Heart of the Okuchichibu

けっこうしばしば、つまんない山って言われちゃう甲武信ヶ岳。

確かに槍や穂高のような、だれが見てもひと目でわかる万人向けのわかりやすさはないけれど、味わい深い良い山です。

まあ、地味ではありますが。

甲武信の良さは、有名パティシエのオシャレなスイーツとは対極の、かめばかむほど味が出る酢昆布の味わい。

雁坂峠からの奥秩父主脈縦走路、戸渡尾根、国師ヶ岳からの主脈縦走路、千曲川源流の道、十文字峠からの岩綾地帯、どこから登ってもそれぞれの良さがあります。

つまんないって言う人は、おそらく戸渡尾根か千曲川源流の道でピストンしただけなのではと思います。それはきっと、山頂に達する最もイージーな手段として選ばれたルート。

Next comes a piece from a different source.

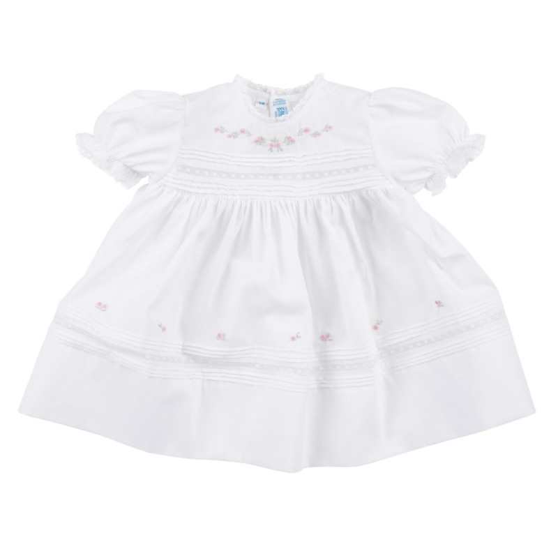 Looking for a beautiful vintage dress for your little girl? This exquisite piece has been a Feltman Brothers favorite for years!This vintage-style pieceis designed with lots of timeless details: fluted lace trim and inserts, tiny horizontal pintucks, and h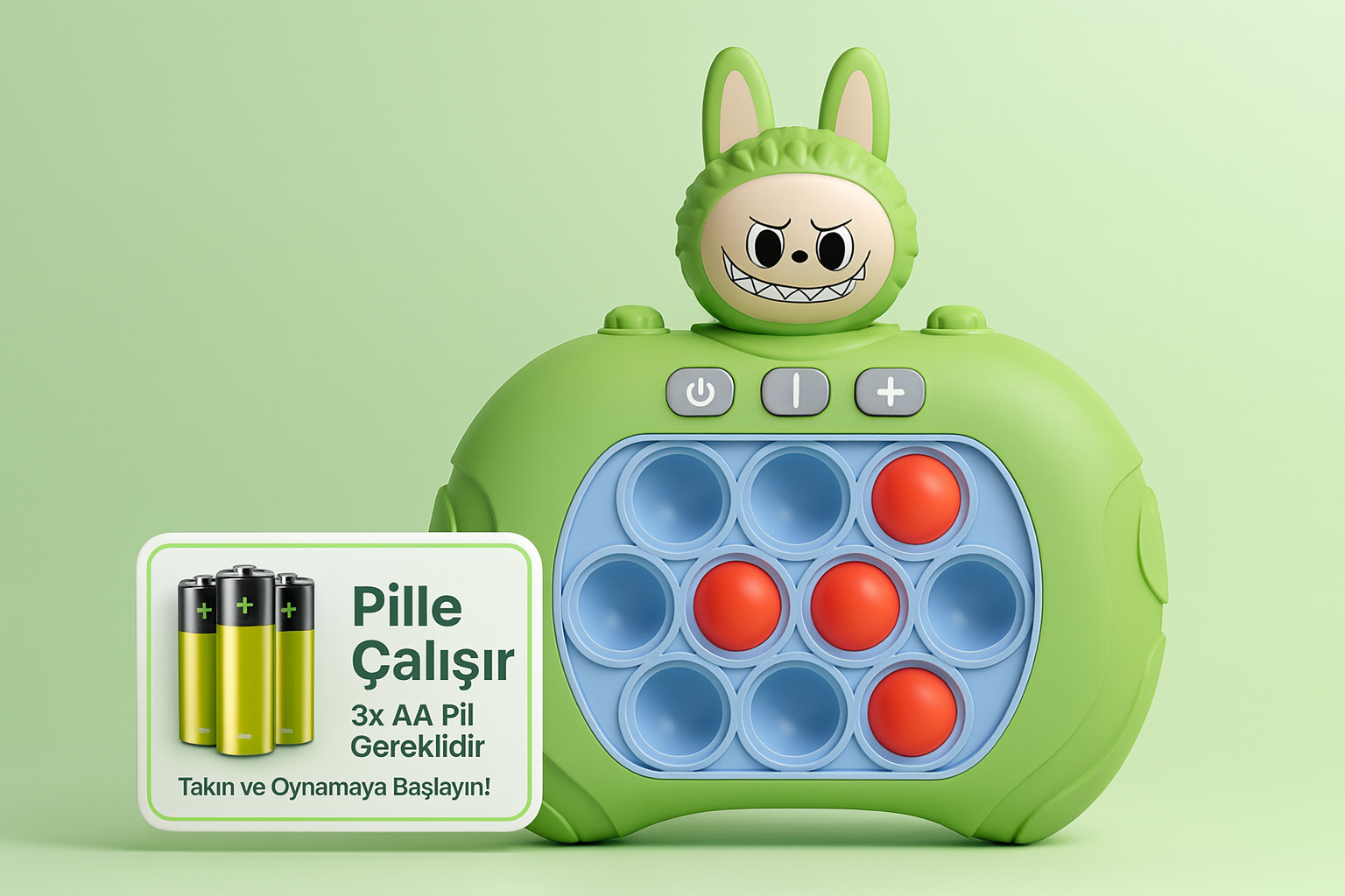 Konsol Pop-It™, klasik pop-it eğlencesini sevimli karakter tasarımları ve farklı oyun modlarıyla birleştirir. Renkli baloncuk yapısı, sesli–ışıklı geri bildirimler ve etkileşimli tuşları sayesinde çocukların el–göz koordinasyonunu ve zihinsel gelişimini destekler.

ただ山頂に立つことだけを目的にして訪れると、甲武信ヶ岳は酸っぱい山かもしれません。ちょろっと嘗めただけでは、酢昆布の深い味わいは味わえませんから。

金峰山のような派手さもなく、雲取山のような明るさもなく、国師ヶ岳や三宝山や木賊山といった大きな山々に囲まれた、この地味な甲武信ヶ岳を百名山のひとつに選んだとは、深田久弥というのはなかなかセンスのある男です。

甲武信ヶ岳へ至る一般ルートは全て歩き、念願の鶏冠尾根でも登頂したので、あと残るのはひとつだけ。

ずっと行きたいと思ってるあのルートへ。いつか必ず。